# ISO Mushroom Gravy Instructions



## Siegal (Sep 15, 2012)

I am not so good at gravy. So I want to put it over boiled meat so I have no drippings. But I have a stock the meat was cooked in. I also have some very reduced almost demi glac like turkey or beef/Tomato stock in my freezer. Need instructions. Don't want thick overly rich wallpaper glue (what happened last 2 times)thanks!!!!!! I also have mushrooms obviously and a full pantry


----------



## taxlady (Sep 15, 2012)

Siegal said:


> I am not so good at gravy. So I want to put it over boiled meat so I have no drippings. But I have a stock the meat was cooked in. I also have some very reduced almost demi glac like turkey or beef/Tomato stock in my freezer. Need instructions. Don't want thick overly rich wallpaper glue (what happened last 2 times)thanks!!!!!! I also have mushrooms obviously and a full pantry


How did you make your gravy last time?

Did you use roux?
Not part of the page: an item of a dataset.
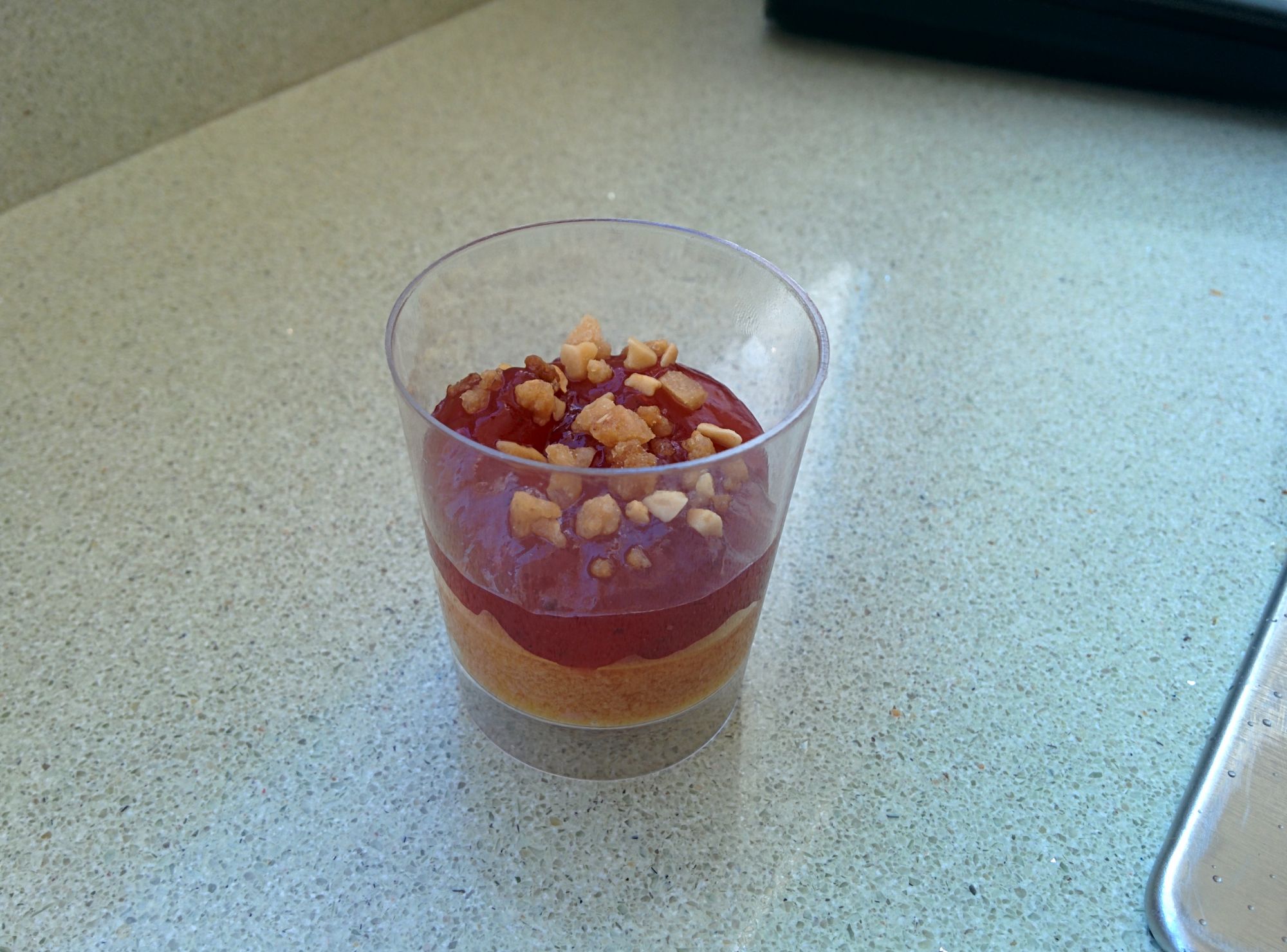 Una vez conseguido la textura adecuada, la introducimos en una manga pastelera o similar y rellenamos los vasitos de presentación a la mitad de su contenido.

Corn starch? Flour and water slurry? What liquid did you use for the gravy?

I would fry the mushrooms in butter or fat and when they are nearly as cooked as you want, sprinkle with flour and cook, with constant stirring, for a a couple of minutes. Then I would add the liquid and stir and scrape off any fond from the 'shrooms. Let it thicken. Add more liquid if it's too thick.


----------



## Siegal (Sep 15, 2012)

I think I fried butter and flour and added stock?? Was gross


----------



## justplainbill (Sep 15, 2012)

taxlady said:


> How did you make your gravy last time?
> 
> Did you use roux? Corn starch? Flour and water slurry? What liquid did you use for the gravy?
> 
> I would fry the mushrooms in butter or fat and when they are nearly as cooked as you want, sprinkle with flour and cook, with constant stirring, for a a couple of minutes. Then I would add the liquid and stir and scrape off any fond from the 'shrooms. Let it thicken. Add more liquid if it's too thick.


+1
would saute minced onions and coarsely diced mushrooms in butter then add flour in 1/2 the amount of the butter used.  After the flour is browned, add enough stock to bring gravy to the desired consistency.
If necessary add salt to taste.


----------



## taxlady (Sep 15, 2012)

Siegal said:


> I think I fried butter and flour and added stock?? Was gross


Maybe you didn't fry the flour long enough. You add stock or other liquid (for mushroom gravy I usually use milk) until it's not too thick.


----------



## jennyema (Sep 15, 2012)

You also need to stir constantly.

You can also use milk or a mixture of milk and stock.


----------



## Siegal (Sep 15, 2012)

I made it per your instructions and was delicious. I cooked onions and mushrooms, garlic in chicken fat until very browned. Added a few tb flour and cooked it with mushrooms for a min and added seasoning and stock. Came out really good and not like rich brown goo. Thanks!


----------



## taxlady (Sep 15, 2012)

There you go. Now you can use that technique to make just about any gravy.


----------



## Addie (Sep 15, 2012)

taxlady said:


> There you go. Now you can use that technique to make just about any gravy.


 
Dada! Once again. DC to the rescue. That's what we do best.


----------



## Gravy Queen (Sep 16, 2012)

I fry the mushrooms with some onions too, add some flour, then some beef stock and a little Marsala . When it is thickened you can add some creme fraiche at the end for a creamy sauce. (optional ) . I do this gravy often , goes great with steak and with pork.


----------



## Siegal (Sep 18, 2012)

This came out so good. Very simple don't know why I didn't get it earlier!! Thanks again


----------



## taxlady (Sep 18, 2012)

Siegal said:


> This came out so good. Very simple don't know why I didn't get it earlier!! Thanks again


That was my reaction when I started achieving gravy, not glop.


----------